ぬるま湯の中 首までつかってる いつか凍るの それとも煮え立つの

彼の背中の小さな翼@サンシャイン劇場

感想 舞台

上鶴さんがでるっていうんで、初めてのキャラメルボックスさんでした。
お話も上鶴さんも凄く良かったです。良かったなんて簡単な言葉にしちゃうと台無しなんですが…。はいくにも描いたようにお話はど真ん中ストレートなんだけど、泣いて笑ってのバランス感覚が絶妙というか、泣きの場面を笑いが邪魔せずにスーッと入ってきてくれて。こういうのを芝居が巧いっていうんだろうなーって。
ひいなと父親、優太と兄みたいに家族が互いを思い合ってるのにすれ違っちゃうのは辛いけど、ひいなとりか、優太のように出会ったばかりだとしても歩み寄れば分かりあうこともできるのは救いでした。

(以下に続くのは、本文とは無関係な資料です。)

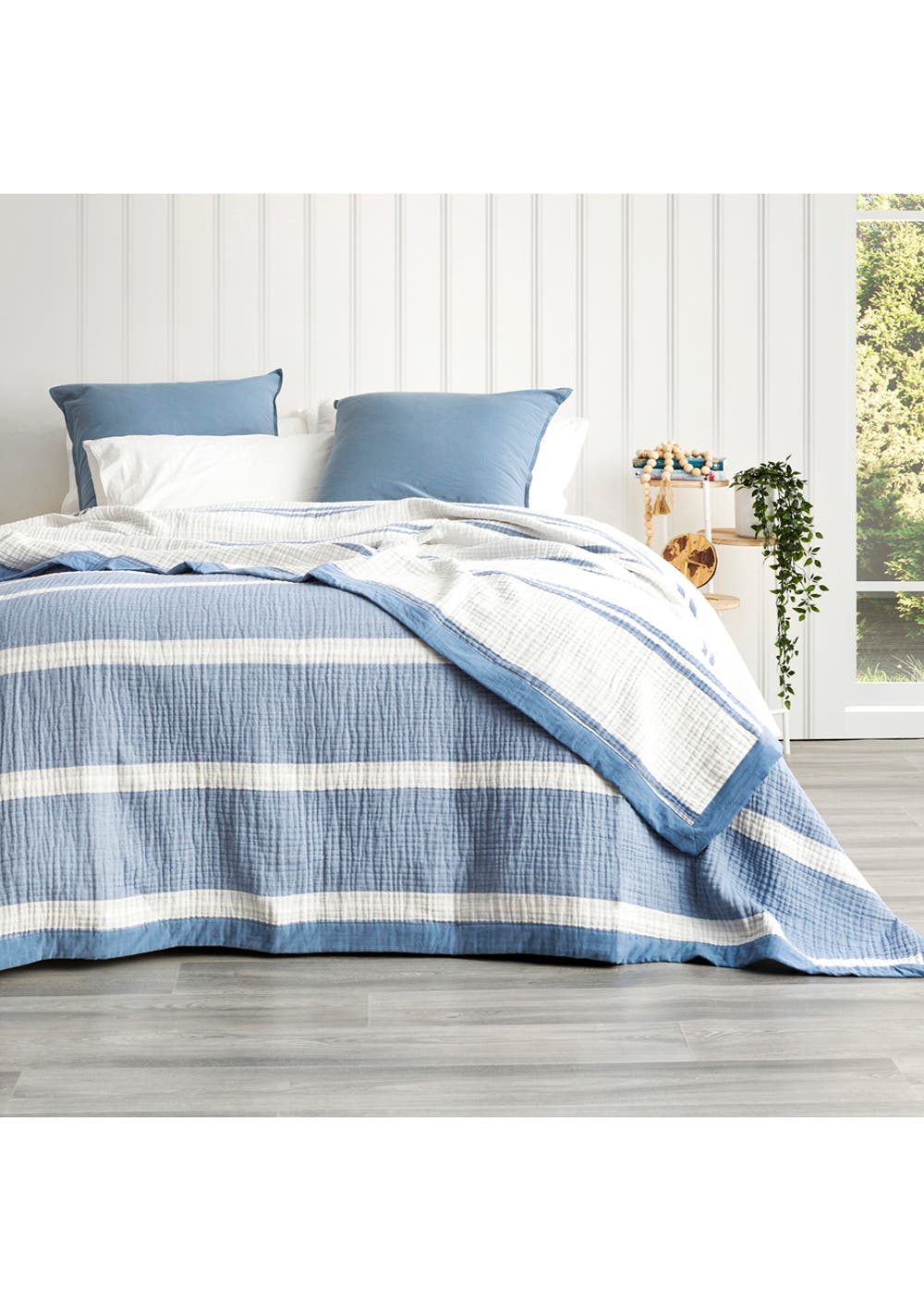 Renee Taylor Brighton Washed Cotton Yarn Dyed Textured Blanket Queen/King Artic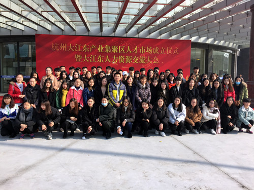之后,同学们参加了大江东人才市场的开幕式。大江东产业集聚区相关领导在开业现场致辞并一起为大江东人才市场揭牌,这也标志着大江东首家人才市场正式挂牌运营。杭州大江东产业集聚区人才市场是由大江东管委会牵头,委托东度企业管理有限公司全权管理的大江东地区唯一的人才市场,今后大江东人才市场每周末都会有小型的招聘会。学生在东度企业岗位见习期间,部分同学也会被安排到人力资源市场工作,维护整个人才市场的正常运行。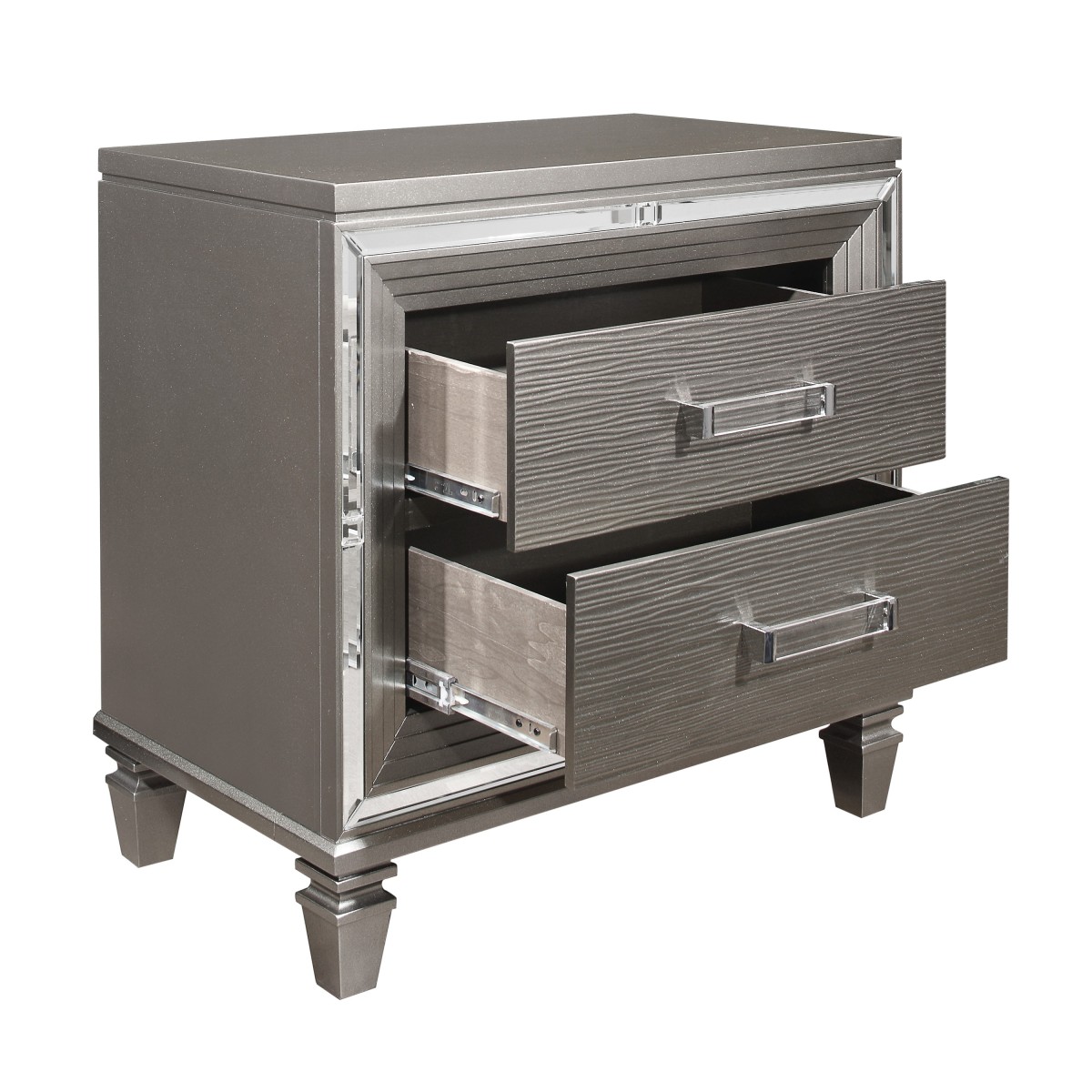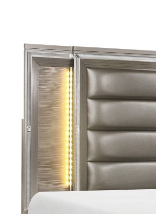 Homelegance 1616-4PC 4 pc Tamsin silver gray metallic finish wood mirrored trim queen bedroom set with led trim . This set includes the Bed, Nightstand, Dresser, Mirror. Bed measures 63″ x 85.5″ x 68″ H. Nightstand measures 30″ x 17.5″ x 30″ H. Dresser measures 66″ x 18″ x 41″ H. Mirror measures 50″ x 2.75″ x 38.75″ H. Chest available separately at additional cost and measures 38″ x 17.5″ x 54.25″ H. Also available in Cal King and Eastern King. Some assembly required.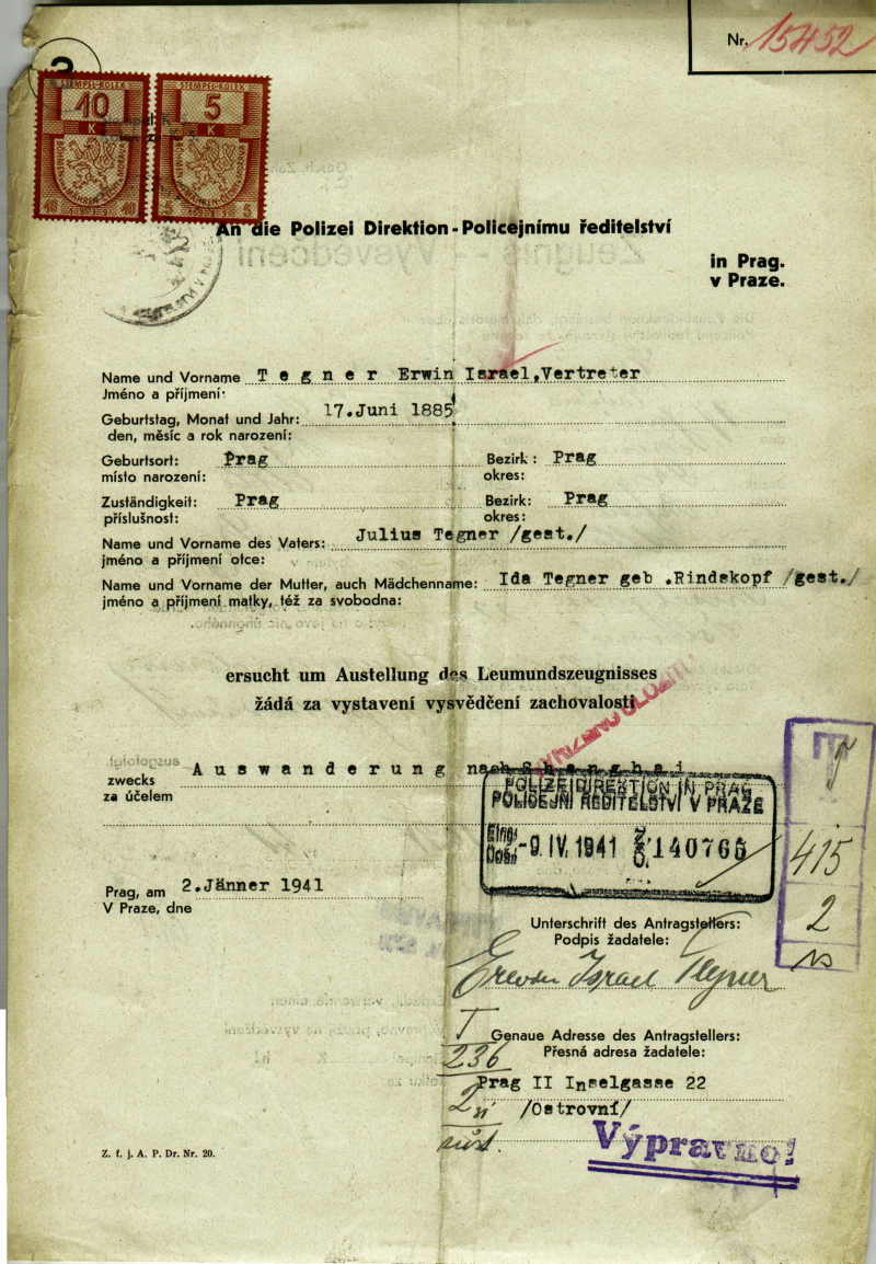 National archives Prague > Police Directorate Prague > 1941-1950 > T > Tegner Ervín
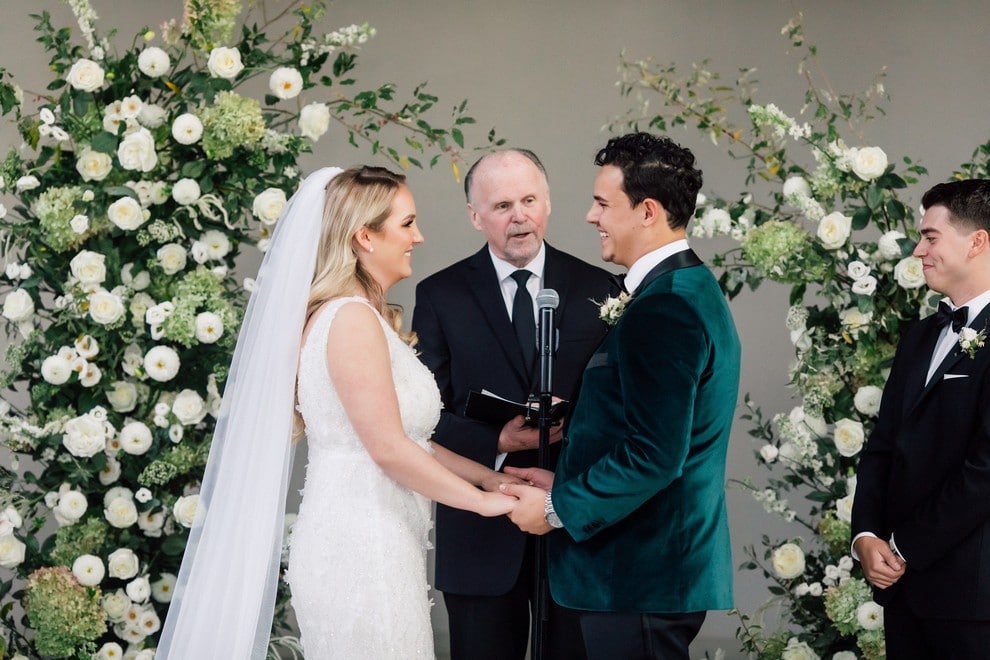 The couple made it official in a simple-yet-stunning ceremony that was beautifully accented with romantic candles and a lush white floral arch.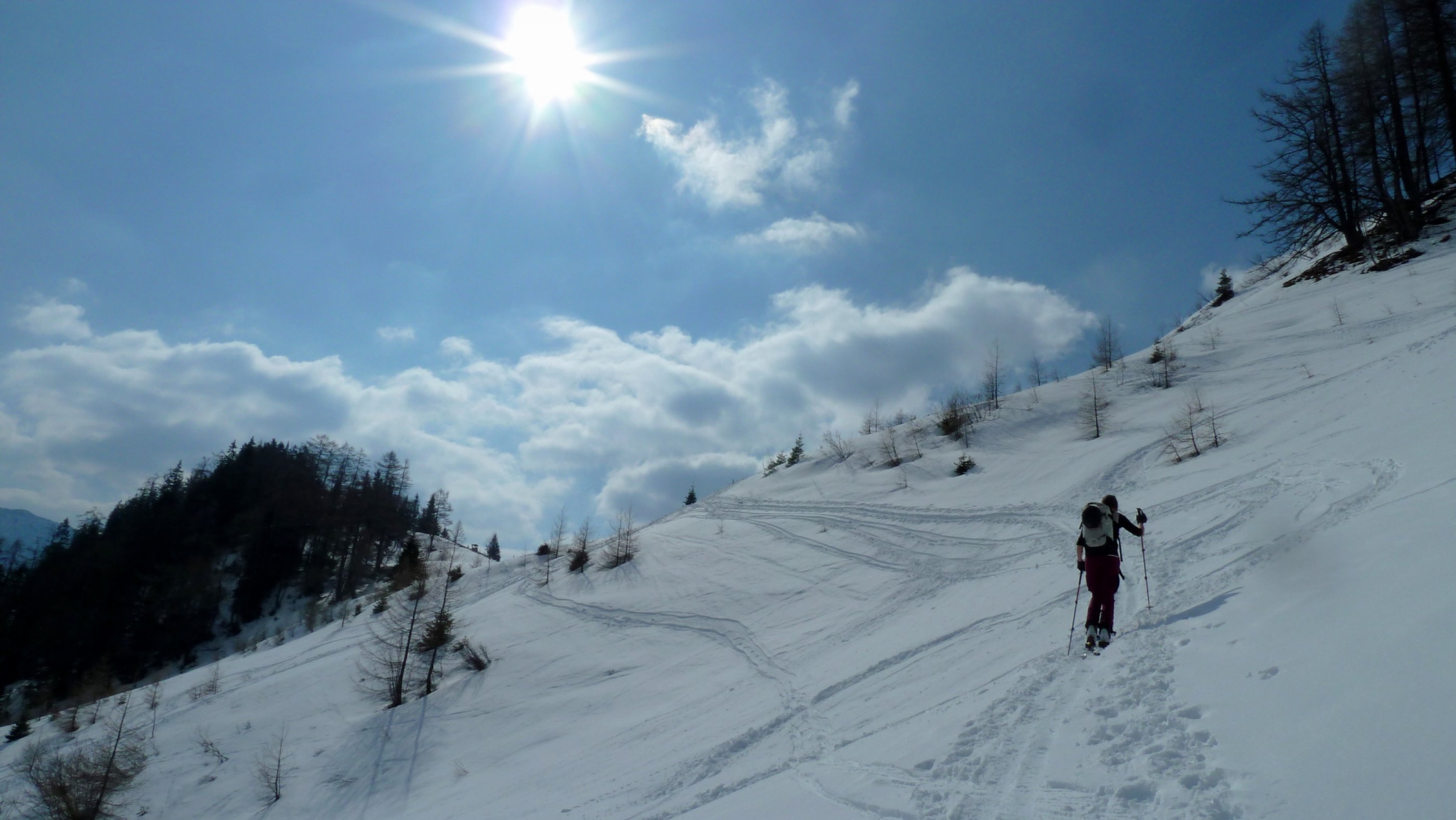 Der Neuschnee vom Wochenanfang ist vor allem sonnseitig schwer geworden, der Harschdeckel darunter trägt gut.

上鶴さんとしては、こんなお芝居するんですね!っていう新鮮な感覚。今まではどっしり構えるというか、同年代の中で迫力を出すことに重きをおくような役が大きかったと思うのだけれど、今回は先輩に寄りかかって、いい意味で力抜けてたんじゃないでしょうかね。
特に、そうすけに言われて初めて絵を描く時の戸惑いがちな表情から夢中になって描き始めるまdねお変化とか、幼少期の思い出の景色を鮮明に記憶していたことをつっこまれたときの傷ついたような表情とか、たまらなく良かったです。そういう繊細なことできたんですねっていう。
あと、ラスト家を飛び出していく優太の後姿には、本当に翼が観えました。羽ばたいていく感じがもうねー…優太の背中押したいと思っちゃうし、それに影響されるひいなちゃんのように自分も前向きになれちゃうんですよね…ずるい!
本公演のナミヤ雑貨店の奇蹟の合間の平日マチネだけの公演じゃ、もったいない作品でした。パンフもなかったしね。
でも、てっきりDVDでないと思ってたんですけど、ナミヤ大阪公演でDVD予約受け付けていたらしくてですね…。うれしいね。買うよ。